= Rundu Rural =

Electoral constituency in the Kavango East region of north-eastern Namibia

Rundu Rural constituency (red) in the Kavango East region of Namibia

Rundu Rural (until 2013 Rundu Rural East) is an electoral constituency in the Kavango East Region of Namibia. It comprises the area east of Rundu, one of Namibia's largest cities. It had a population of 22,538 in 2011, up from 18,250 in 2001. As of 2020 the constituency had 6,060 registered voters.

The constituency contains the villages of Cuma and Kaisosi. Both villages are connected by a 60 km gravel road which was completed in 2013.

==Establishment==
Due to the rapid growth of Rundu, constituencies in the vicinity have undergone many changes. Rundu Rural was established in 1998 when Rundu Constituency was split into Rundu Urban and Rundu Rural. Both belonged to the Kavango Region. In 2003 this constituency was split into Rundu Rural East and Rundu Rural West.

In 2013 the Kavango Region was split into Kavango East and Kavango West. Rundu Rural East got its original name back and is now again Rundu Rural. Its former sister constituency Rundu Rural West was also renamed, to Ncuncuni Constituency. Ncuncuni now belongs to Kavango West, whereas Rundu Rural belongs to Kavango East.

==Politics==
Rundu Rural constituency is traditionally a stronghold of the South West Africa People's Organization (SWAPO) party. In the 2004 regional election SWAPO candidate Michael Shikongo received 3,358 of the 3,759 votes cast.

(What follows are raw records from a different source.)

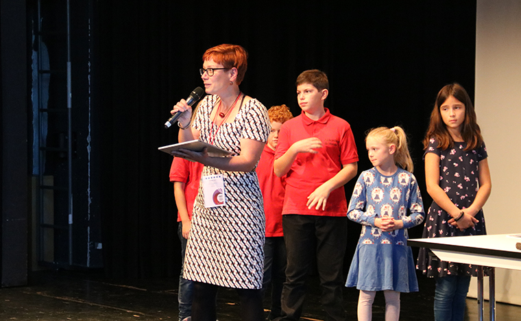 Yvonne Glur (President of the host organization accordeon.ch) and her young assistants,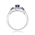 Decorate yourself in elegance with this Ring is crafted from 14-karat White Gold by Gin & Grace. This Ring is made up of 6x4 mm Pear-Cut Ceylon Blue Sapphire (1 pcs) 0.49 carat, 2.0 mm Square-cut Blue Sapphire (2 pcs) 0.13 carat and Round-cut White Diamond (24 Pcs) 0.21 Carat. This Ring is weight 2.38 grams. This delicate Ring is polished to a high finish shine.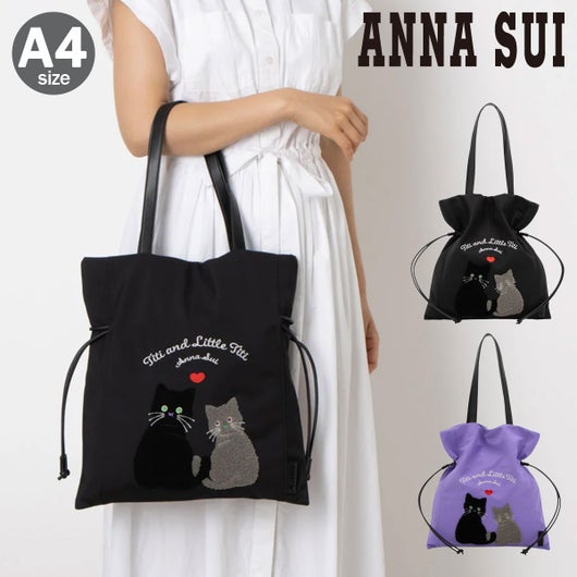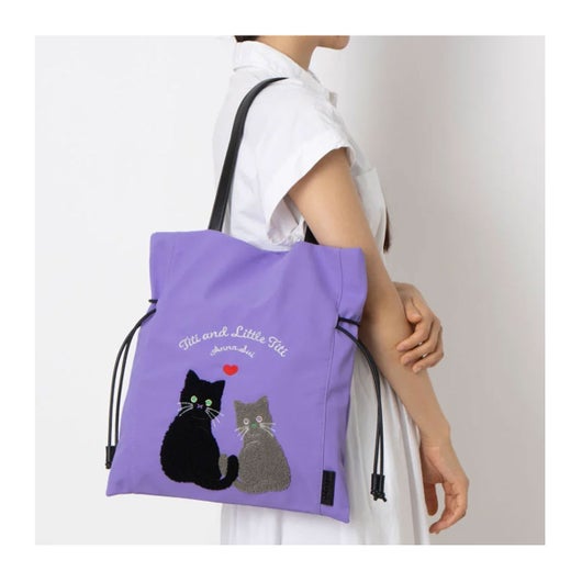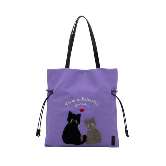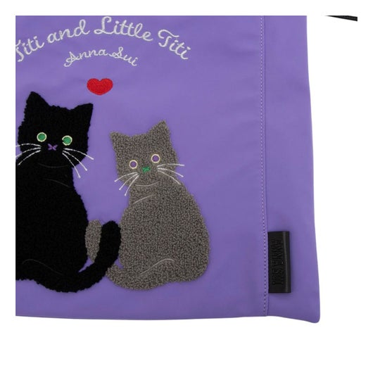 NNA SUI(アナスイ)の人気ネコキャラクター「TITI」が主役の『デイリーTITI』シリーズが登場。ふっくらとした立体感のある刺繍で表現されたTITIが、まるでバッグの中に住んでいるかのような愛らしさ。パイル素材のように見える柔らかな手触りが、視覚にも触感にもやさしく、ハートや文字の刺繍もさりげないアクセントになっています。

In the 2015 regional elections councillor Shikongo of SWAPO was reelected with 1,284 votes. Marcellus Haivera of the All People's Party (APP) came second with 887 votes. The 2020 regional election was won by Nginga Paulus Mbangu, an independent candidate. He received 1,846 votes. The sitting councillor and SWAPO candidate Shikongo came distant second with 654 votes.